When I first came to Brisbane, I obtained an apprenticeship in Annerley. After a great deal of searching I found accommodation in an old boarding house. Nothing fancy, but comfortable. But my stay was short-lived because the City Council wanted to widen Ipswich Road to take more traffic. So I moved to another place by the tram depot opposite the PA hospital. It was a relatively quiet, friendly community. People cared for each other and were proud of their area. I attended the Thompson Estate Anglican Church which was packed with friendly people. This church typified the many other vibrant community groups in the district. But all this changed. The tranquil suburb of Annerley has been shattered by the South Eastern Freeway, soaring thirty feet above the rooftops. Going back to the suburb you now find a split community... Empty shops... Empty churches. A suburb without a soul.

Marshall Berman calls this process of urban blight 'urbicide: murder of a city'. In a stirring article in the New Internationalist, Berman described how urban blight destroyed the once proud neighborhood of his childhood in New York.

The South Bronx, where I spent my childhood and my youth, is the site of one of the greatest recent ruins today outside Beirut. The physical and social destruction of the area began with the construction of the Cross Bronx Expressway in the late 1950's and early 1960's spreading gradually southward from the highway and northward from the emerging Bruckner Expressway in the late sixties.

Then in the early 1970's the disintegration began to spread at a spectacular pace, devouring house after house and block after block, displacing thousands of people like some inexorable plague. Those were the years when the Bronx finally made it into the media, as a symbol of every disaster that could happen to a city. 'The Bronx is burning!' resonated all over the world...

Every time I saw or heard about another landmark (streets I'd played in, houses were friends lived; schools, shops synagogues) I felt a piece of my flesh was being ripped away...

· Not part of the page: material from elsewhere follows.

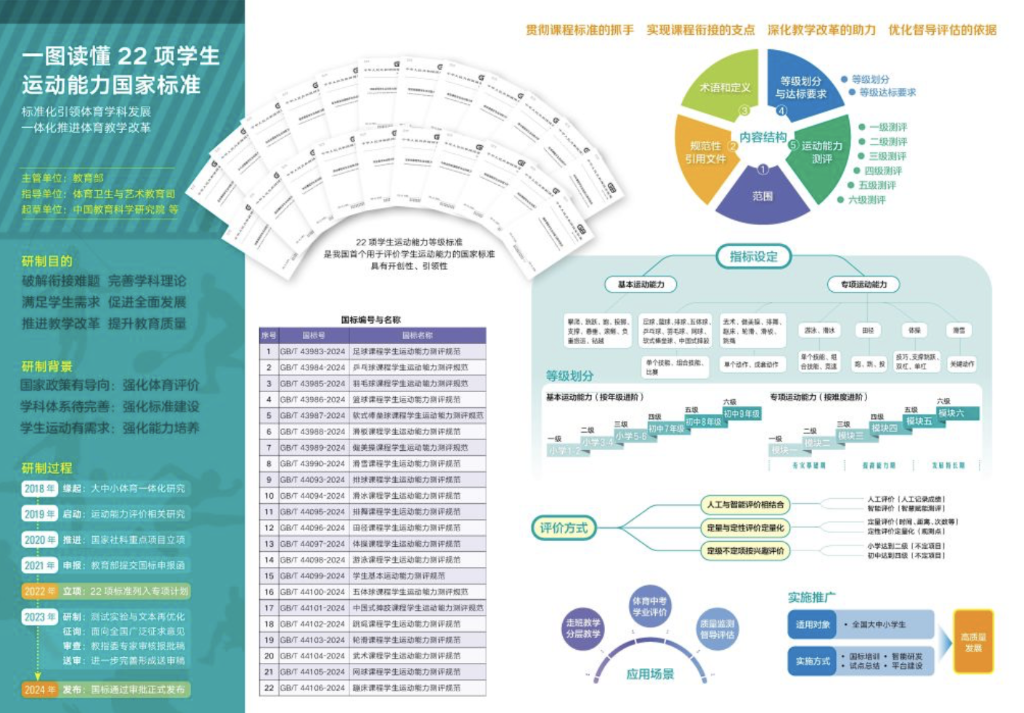 標(biāo)準(zhǔn)研制牽頭人、中國教育科學(xué)研究院體育美育教育研究所所長于素梅介紹:“這套國家標(biāo)準(zhǔn)包含足球、籃球等21項(xiàng)專項(xiàng)運(yùn)動(dòng)能力和1項(xiàng)基本運(yùn)動(dòng)能力,每項(xiàng)標(biāo)準(zhǔn)都劃分六個(gè)等級且逐級提升?;具\(yùn)動(dòng)能力六個(gè)等級與學(xué)段年級對應(yīng),專項(xiàng)運(yùn)動(dòng)能力六個(gè)等級按難度進(jìn)階劃分為三期。”

In our sense of loss and violation we have plenty of company. In the South Bronx alone, more than 30,000 people fled in the 1970s as their homes were being destroyed. Many of these people were forced to run more than once, trying to stay ahead of the blight that kept catching up with them. Thousands more in Manhattan and in Brooklyn went through the same ordeal. In fact something similar was happening in working-class neighborhoods in older cities all over the US...

While both these examples are dramatic in that they are not the gentle nudge of a butterfly's wing but the mad hacking of a meat axe, they nevertheless concentrate into a snapshot the possible long-term effects of the gentle nudge (or wink to a developer or road builder).

But while the scientist of chaos may be frightened with the long-term implications of a nudge or a wink, it also holds incredible promise. The solutions to our traffic problems may not demand the draconian, sledgehammer measures we fear. If a nudge and a wink is enough to lead us into a mess, a nudge and a wink may be all that is needed to pull us out. The future art of city building is knowing the critical time and the critical place to flutter the wings.